Several steps are possible to find a theoretical solution to this confusing situation and to establish evidence-based criteria that can standardize practice in the area of AHPs and ADHD:

  1. When the DSM-IV is assembled, the system should finally acknowledge the existence and clinical importance of normal temperament differences. No longer should they be ignored, trivialized, or pathologized. Temperament variations are frequently annoying to parents and teachers but do not necessarily make the child dysfunctional without other factors. The important quality of adaptability should be understood for its central position in behavioral adjustment. Adequate recognition should be given to the power of these interactions to affect the behavioral adjustment of children.
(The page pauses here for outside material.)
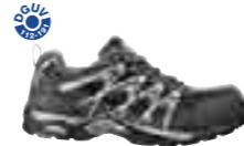
SILVER RACER XTS LOW SPORT XTS // S1P HRO SRC Art. Nr. 64.139.0

Neither environmental nor biological determinism explains all children's problems.
  2. A revised ADHD diagnosis would be more tenable if it were limited to those 1% to 2% of the population who are truly extremely “hyperkinetic,” that is, so objectively and pervasively hyperactive and nonpersistent that these traits are the problem itself. A categorical diagnosis of ADHD based on vague descriptions such as “often talks excessively” should be replaced with clearer, more reliable criteria.
  3. The other 5% to 10% of the child population now being labeled with ADHD would best be diagnosed as having either: a) annoying but normal temperament traits without dysfunction in social or school adjustment; b) adjustment disorders related to individual-environment interactions, often involving a poor fit; or c) a variety of other problems stemming from other causes largely in the environment like parental conflict and social disorganization or in the individual child such as learning disabilities and chronic-illness.
  4. Any diagnosis or suggestion of brain malfunction should be based only on some objective evidence of it.
  5. Until clearer diagnostic system evolves, children will be better served by the use of comprehensive functional assessments, consisting of separate evaluations of strengths and liabilities in the several areas of adjustment: social relations, task performance, self-relations, internal status, and coping patterns.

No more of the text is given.